LA FOLIE DES GRANDEURS

Ce texte est ma participation à l’atelier d’écriture n°268 du 22 mai 2017 sur Bric à Book

Du haut de l’escalier, la main posée sur la rambarde, John regardait cette maison qui ne lui ressemblait plus. Tout était parfait : les jouets des enfants avaient disparu, la balle du chien aussi ; les magazines habituellement éparpillés dans le salon avaient été rangés, sa veste ne traînait pas sur le canapé et la cuisine était rutilante. N’eût été la présence du petit bouquet de fleurs jaunes sur la table de la salle à manger, n’importe quel visiteur aurait pu croire l’endroit inhabité.

En faisant le tour du terrain, John avait ressenti la même atmosphère sans vie. Rien n’altérait la beauté du gazon fraîchement tondu et les transats étaient alignés autour de la piscine dont même l’eau bleue et limpide ne frémissait pas.

L’étage aussi n’avait plus d’âme. Chaque pièce resplendissait de propreté et aucun objet inutile n’était visible. John ne se reconnaissait plus dans cet intérieur où il s’était senti si bien jadis.

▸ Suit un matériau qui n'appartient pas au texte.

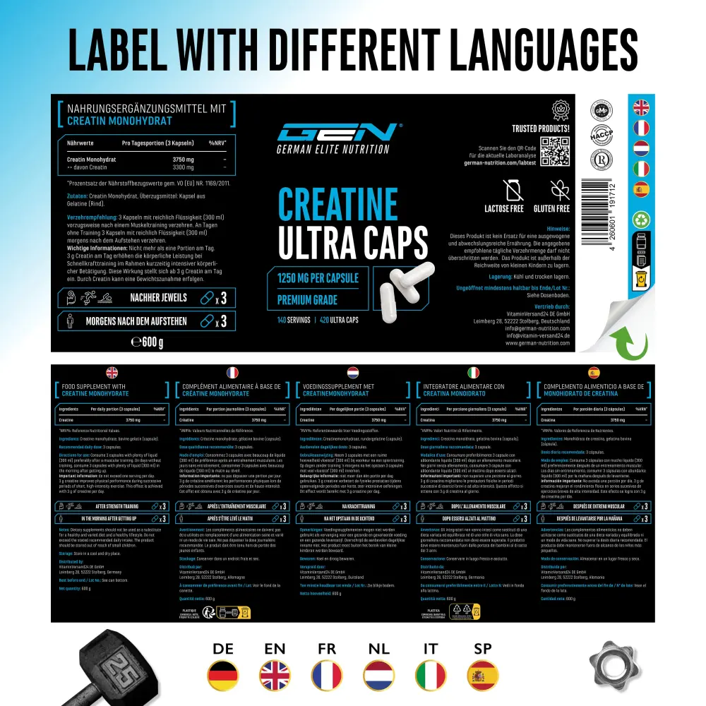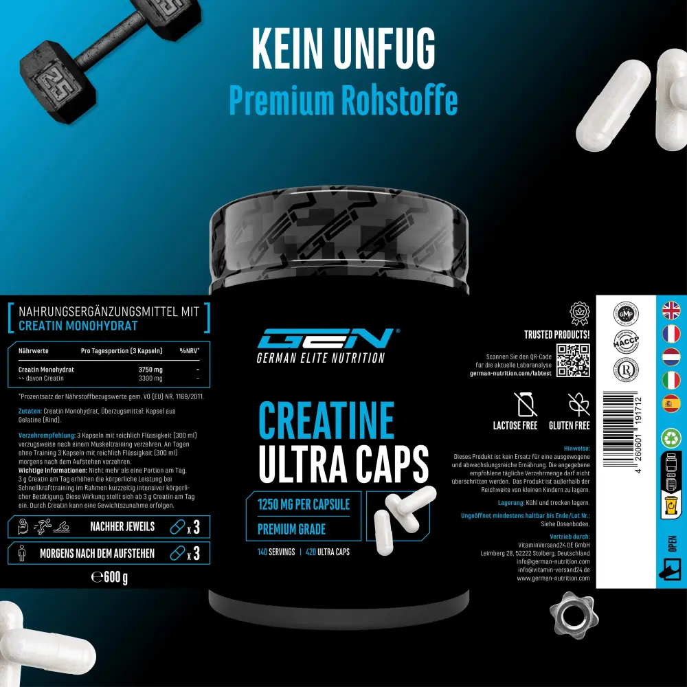 Creatin Ultra Caps sind mit 1250 mg Wirkstoffgehalt pro Kapsel sehr hoch dosiert.

Tout avait commencé 5 ans plus tôt. Dès la première visite, Joanna et lui avaient eu le coup de foudre pour cette maison. Ils s’imaginaient déjà recevoir leurs parents et amis dans cette propriété élégante et y voir grandir les nombreux enfants qu’elle pouvait accueillir.  Impatients, ils avaient appelé l’agent immobilier deux heures après son départ et insisté pour signer au plus vite l’achat de ce qu’ils considéraient comme le moyen de se voir admettre dans la cour des grands.

Loin de les freiner dans leur folie des grandeurs, l’organisme prêteur les avaient rassurés : les taux d’intérêt étaient stables et l’appréciation de l’immobilier était régulière. Ils pouvaient sans crainte contracter cet emprunt dont les 3 premières années étaient couvertes par un taux fixe. Obnubilés par la réalisation de leur rêve, ils avaient mis de côté le fait que ce même taux devenait par la suite révisable et avaient signé le contrat de prêt hypothécaire que le conseiller leur avait présenté.

Les premières années avaient été idylliques. Ils avaient aménagé leur nid douillet avec soin et deux enfants étaient venus parfaire leur vie. Joana avait cessé de travailler pour s’occuper de sa petite famille et organiser de nombreuses réceptions dans cette demeure qui faisait l’admiration de tous. Ils étaient fiers du chemin parcouru et de la tournure qu’avait pris leur vie.

Mais c’était sans compter sur les aléas des marchés financiers et particulièrement celui des subprimes. Le taux d’intérêt fut revu à la hausse tandis que les prix de l’immobiliers commencèrent à chuter. Comme beaucoup d’Américains, le couple ne parvint plus à honorer les mensualités devenues exorbitantes. Ce défaut de paiement en masse accéléra la baisse du marché de l’immobilier. Les banques dont la perte se chiffra à plusieurs centaines de milliards de Dollars, expulsèrent sans scrupule tous ces faux riches attirés par le miroir aux alouettes et hypothéquèrent leurs biens.

Joana et John n’eurent pas le choix : ils devaient quitter les lieux le jour même.

John jeta un ultime regard sur la maison qu’il n’avait jamais vraiment possédée et qui ne serait jamais la sienne et descendit l’escalier pour la dernière fois.